_Assigned task_
In the entries below, begin at the line with "Kuviossa näkyy työn" and stop after the line with "За Литургией архипастырям"; output those lines exactly and omit the pictures.

_Records for the task_
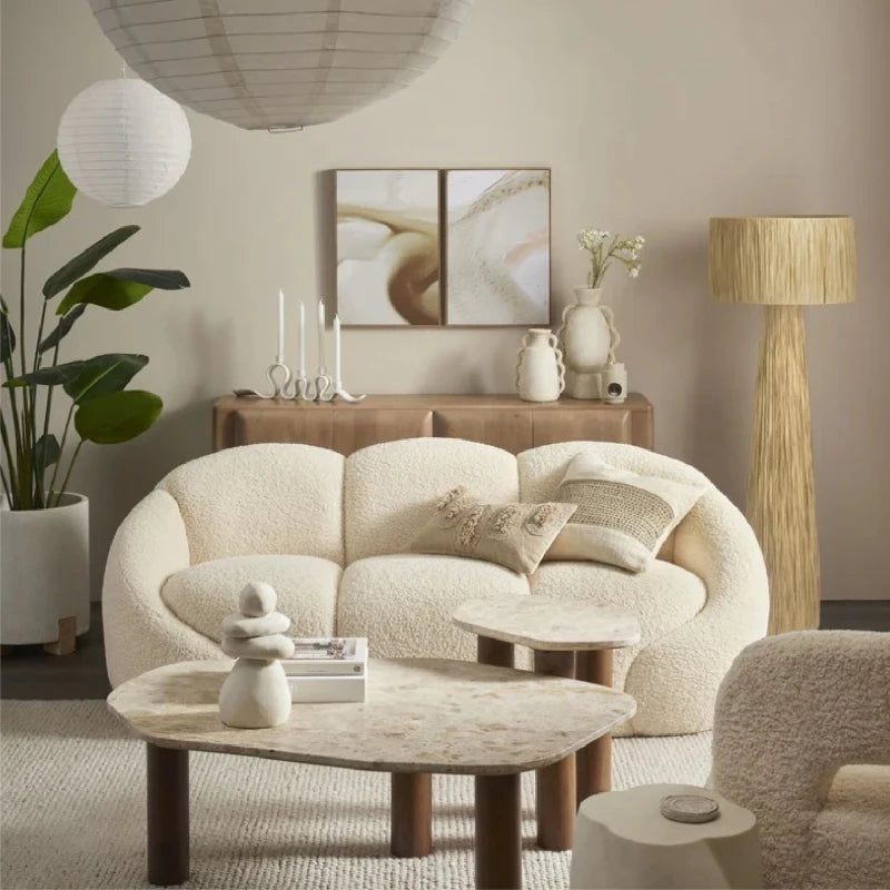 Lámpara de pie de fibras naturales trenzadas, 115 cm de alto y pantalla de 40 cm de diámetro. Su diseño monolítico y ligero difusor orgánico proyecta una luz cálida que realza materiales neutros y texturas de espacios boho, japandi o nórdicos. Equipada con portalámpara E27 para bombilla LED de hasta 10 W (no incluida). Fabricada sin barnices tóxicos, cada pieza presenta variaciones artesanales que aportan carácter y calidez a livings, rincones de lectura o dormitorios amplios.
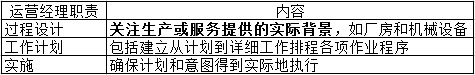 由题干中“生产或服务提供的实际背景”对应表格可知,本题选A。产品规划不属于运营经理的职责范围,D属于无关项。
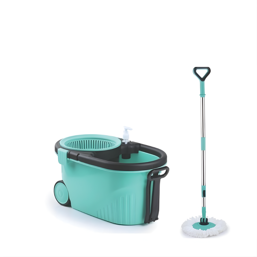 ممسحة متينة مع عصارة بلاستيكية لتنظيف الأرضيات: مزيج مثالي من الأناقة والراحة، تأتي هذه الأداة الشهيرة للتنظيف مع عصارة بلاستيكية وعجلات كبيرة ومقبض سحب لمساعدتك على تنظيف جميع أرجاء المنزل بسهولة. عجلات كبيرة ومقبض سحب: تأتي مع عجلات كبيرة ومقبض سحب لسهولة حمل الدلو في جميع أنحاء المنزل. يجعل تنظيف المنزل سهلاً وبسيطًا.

--

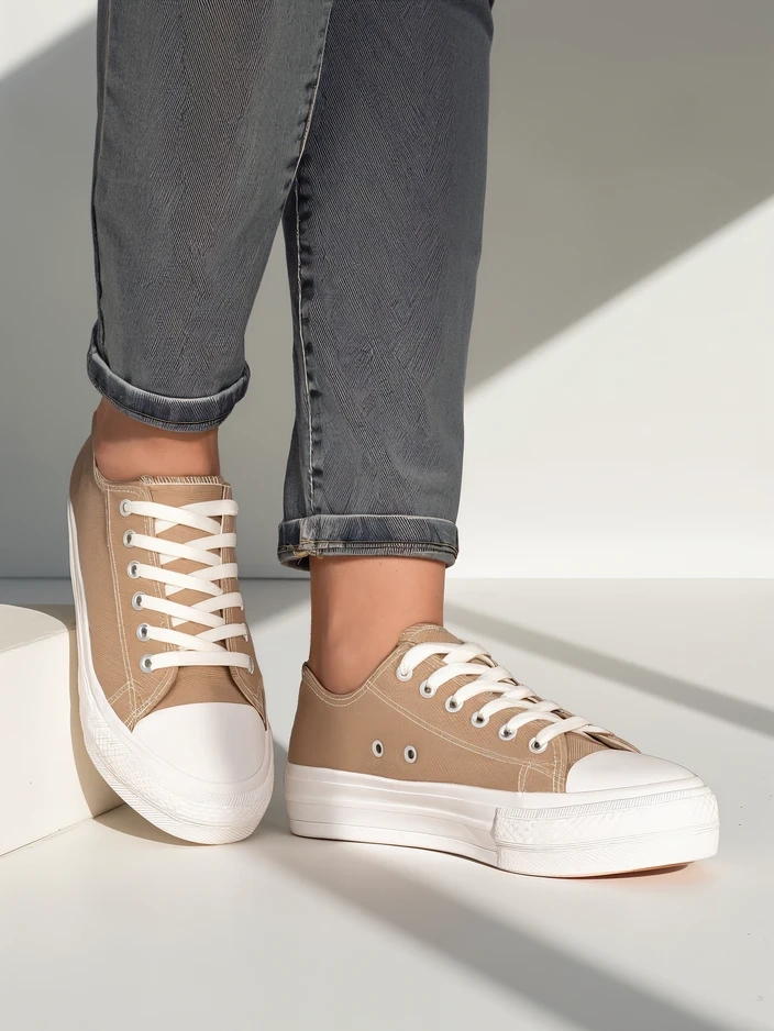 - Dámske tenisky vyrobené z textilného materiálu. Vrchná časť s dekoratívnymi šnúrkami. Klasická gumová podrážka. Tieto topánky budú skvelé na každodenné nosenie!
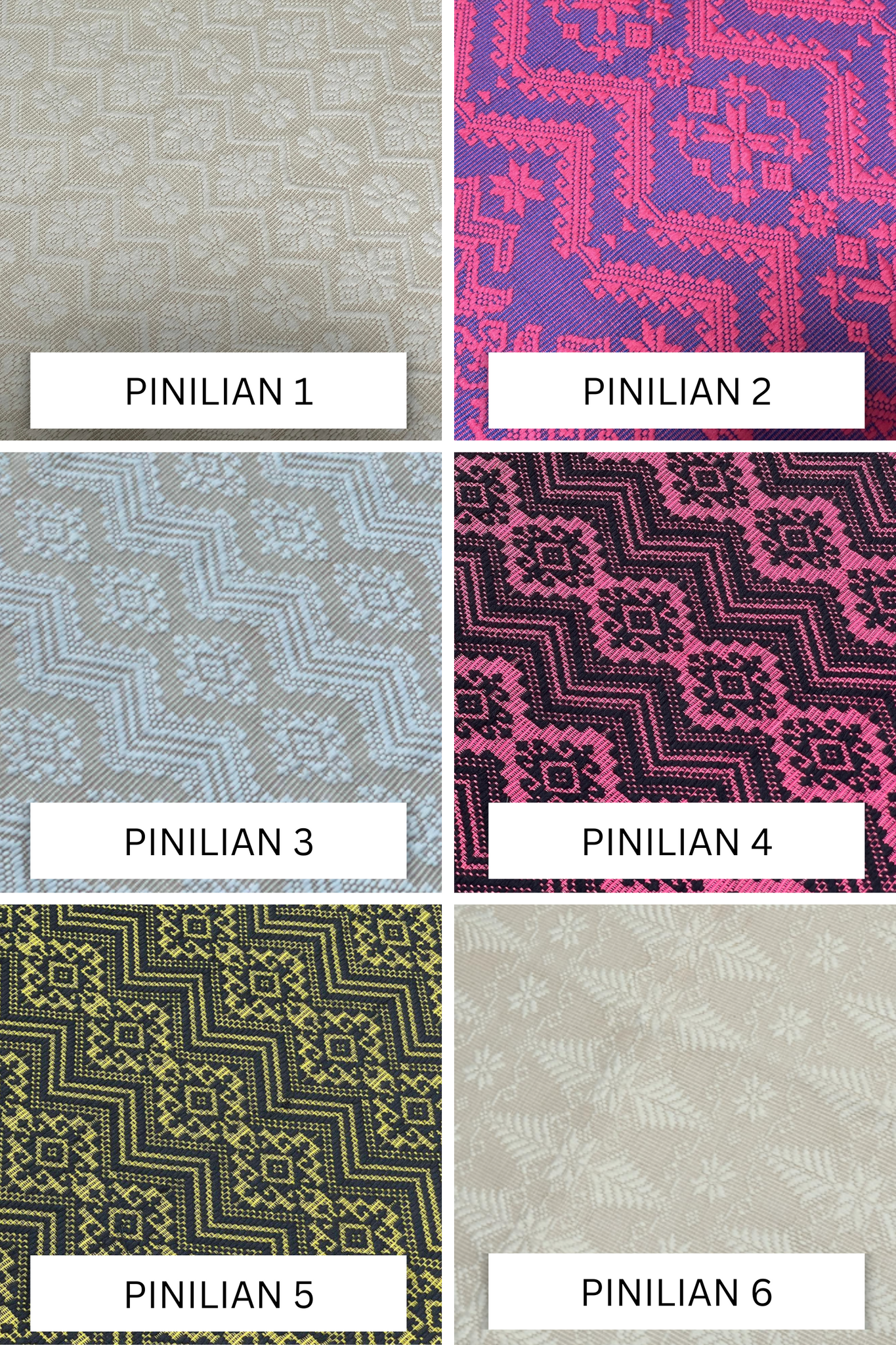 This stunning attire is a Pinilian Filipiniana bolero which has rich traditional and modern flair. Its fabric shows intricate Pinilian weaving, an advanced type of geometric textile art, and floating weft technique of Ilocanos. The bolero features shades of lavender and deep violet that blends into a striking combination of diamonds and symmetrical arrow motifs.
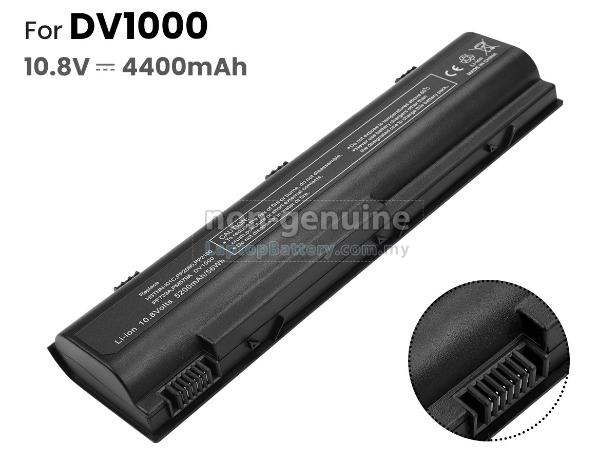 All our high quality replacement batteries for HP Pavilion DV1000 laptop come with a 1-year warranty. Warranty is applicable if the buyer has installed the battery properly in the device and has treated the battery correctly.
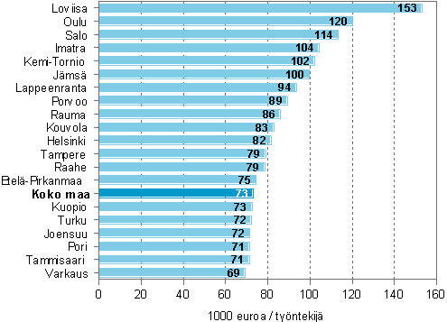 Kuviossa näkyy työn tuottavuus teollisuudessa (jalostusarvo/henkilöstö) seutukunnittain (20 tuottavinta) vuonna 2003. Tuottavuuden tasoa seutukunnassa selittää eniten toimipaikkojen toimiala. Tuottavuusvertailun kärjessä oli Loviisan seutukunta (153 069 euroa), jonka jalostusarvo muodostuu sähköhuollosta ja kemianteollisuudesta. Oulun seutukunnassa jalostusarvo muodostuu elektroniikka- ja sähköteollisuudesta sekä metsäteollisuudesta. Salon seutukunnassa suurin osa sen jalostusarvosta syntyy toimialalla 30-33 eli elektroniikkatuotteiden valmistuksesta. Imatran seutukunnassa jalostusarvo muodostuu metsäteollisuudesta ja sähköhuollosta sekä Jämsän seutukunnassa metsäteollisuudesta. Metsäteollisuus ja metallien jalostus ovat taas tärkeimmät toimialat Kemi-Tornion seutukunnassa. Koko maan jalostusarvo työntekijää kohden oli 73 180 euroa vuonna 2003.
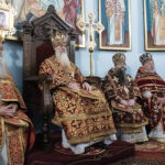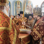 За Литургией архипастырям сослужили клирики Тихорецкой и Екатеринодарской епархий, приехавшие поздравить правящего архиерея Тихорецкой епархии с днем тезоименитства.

...

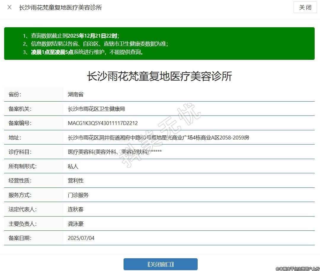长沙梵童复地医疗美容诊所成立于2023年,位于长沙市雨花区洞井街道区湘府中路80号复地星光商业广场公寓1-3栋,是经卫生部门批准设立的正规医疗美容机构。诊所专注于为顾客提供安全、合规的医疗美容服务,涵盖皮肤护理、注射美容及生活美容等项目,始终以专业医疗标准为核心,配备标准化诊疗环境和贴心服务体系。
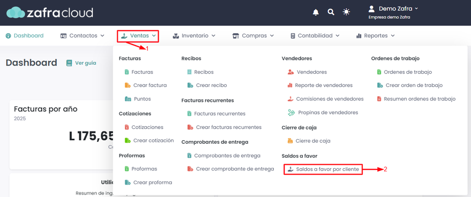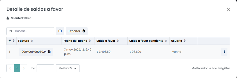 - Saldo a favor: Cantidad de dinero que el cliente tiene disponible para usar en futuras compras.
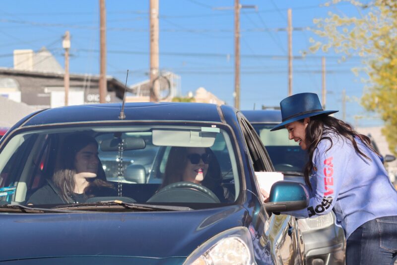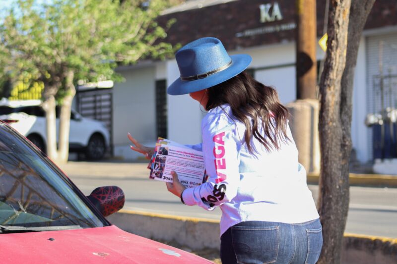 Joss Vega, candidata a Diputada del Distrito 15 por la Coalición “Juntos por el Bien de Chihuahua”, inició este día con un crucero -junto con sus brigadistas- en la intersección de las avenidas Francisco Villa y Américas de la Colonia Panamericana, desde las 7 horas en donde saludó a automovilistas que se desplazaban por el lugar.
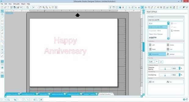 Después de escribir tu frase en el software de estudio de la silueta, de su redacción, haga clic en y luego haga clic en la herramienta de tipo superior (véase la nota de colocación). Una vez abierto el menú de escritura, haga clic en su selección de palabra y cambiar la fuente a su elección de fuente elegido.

_Exercise result_
 Kuviossa näkyy työn tuottavuus teollisuudessa (jalostusarvo/henkilöstö) seutukunnittain (20 tuottavinta) vuonna 2003. Tuottavuuden tasoa seutukunnassa selittää eniten toimipaikkojen toimiala. Tuottavuusvertailun kärjessä oli Loviisan seutukunta (153 069 euroa), jonka jalostusarvo muodostuu sähköhuollosta ja kemianteollisuudesta. Oulun seutukunnassa jalostusarvo muodostuu elektroniikka- ja sähköteollisuudesta sekä metsäteollisuudesta. Salon seutukunnassa suurin osa sen jalostusarvosta syntyy toimialalla 30-33 eli elektroniikkatuotteiden valmistuksesta. Imatran seutukunnassa jalostusarvo muodostuu metsäteollisuudesta ja sähköhuollosta sekä Jämsän seutukunnassa metsäteollisuudesta. Metsäteollisuus ja metallien jalostus ovat taas tärkeimmät toimialat Kemi-Tornion seutukunnassa. Koko maan jalostusarvo työntekijää kohden oli 73 180 euroa vuonna 2003.
 За Литургией архипастырям сослужили клирики Тихорецкой и Екатеринодарской епархий, приехавшие поздравить правящего архиерея Тихорецкой епархии с днем тезоименитства.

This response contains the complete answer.